An example pipeline for pulling data from a cloud Kafka Cluster into Azure Blob Storage and then inserted into a Databricks Delta Table.
Cloud Services used in example:
- Confluent Kafka Cluster
- Azure Blob Store
- Azure Databricks
- Astro Runtime CLI w/ Docker
- Azure Key Vault
create a kafka producer to your cloud topic
# producer.py
import time
import json
import random
from datetime import datetime
from kafka import KafkaProducer
import string
kafka_username = 'myKafkaUser'
kafka_pass = 'myKafkaPass'
kafka_cluster = 'myKafkaCluster'
user_ids = list(range(1,1001))
recipient_ids = list(range(0,1001))
def generate_message() -> dict:
random_user_id = random.choice(user_ids)
#copy the recipients array
recipient_ids_copy = recipient_ids.copy()

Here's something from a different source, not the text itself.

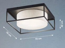 Die moderne Design Deckenleuchte setzt sich aus einem runden Leinenstoffschirm in Sandfarben mit weißer Acrylblende und einem sandschwarzen, eckigen Metallrahmen zusammen. Die Gesamgröße der Leuchte beträgt 70×70 cm mit einer Deckenabhängung von 22 cm. Der moderne Look wird durch den angesagten Farb- und Materialmix perfekt abgerundet und sorgt für ein tolles Erscheinungsbild.
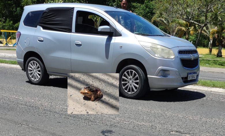 “Estava vindo com minha esposa e meu filho recém-nascido da cidade de Cachoeira para Cruz das Almas. Ao chegar nesse trecho da avenida, senti o carro engasgar, perder a força e parar. Ao abrir o capô, um sapo saiu de baixo do veículo com as costas machucada”, relatou o motorista.

#user can't send message to himself
recipient_ids_copy.remove(random_user_id)
random_recipient_id = random.choice(recipient_ids_copy)
#generate a random message
message = ''.join(random.choice(string.ascii_letters) for i in range(32))
payload = {
'user_id': random_user_id,
'recipient_id': random_recipient_id,
'message': message,
'timestamp': datetime.now().strftime('%Y/%m/%dT%H:%M:%S.%f'),
'value': random.randint(1, 100),
}
return payload
# messages will be seralised as JSON
def serializer(message):
return json.dumps(message).encode('utf-8')
# Kafka Prodcuer
producer = KafkaProducer(
bootstrap_servers=[f'{kafka_cluser}:9092'],
sasl_plain_username=kafka_pass,
sasl_plain_password=kafka_username,
sasl_mechanism="PLAIN",
security_protocol="SASL_SSL",
value_serializer=serializer
)
# infinite loop
while True:
# generate a message
dummy_message = generate_message()
# send it to our 'messages' topic
print(f'Producing message @ {datetime.now()} | Message = {str(dummy_message)}')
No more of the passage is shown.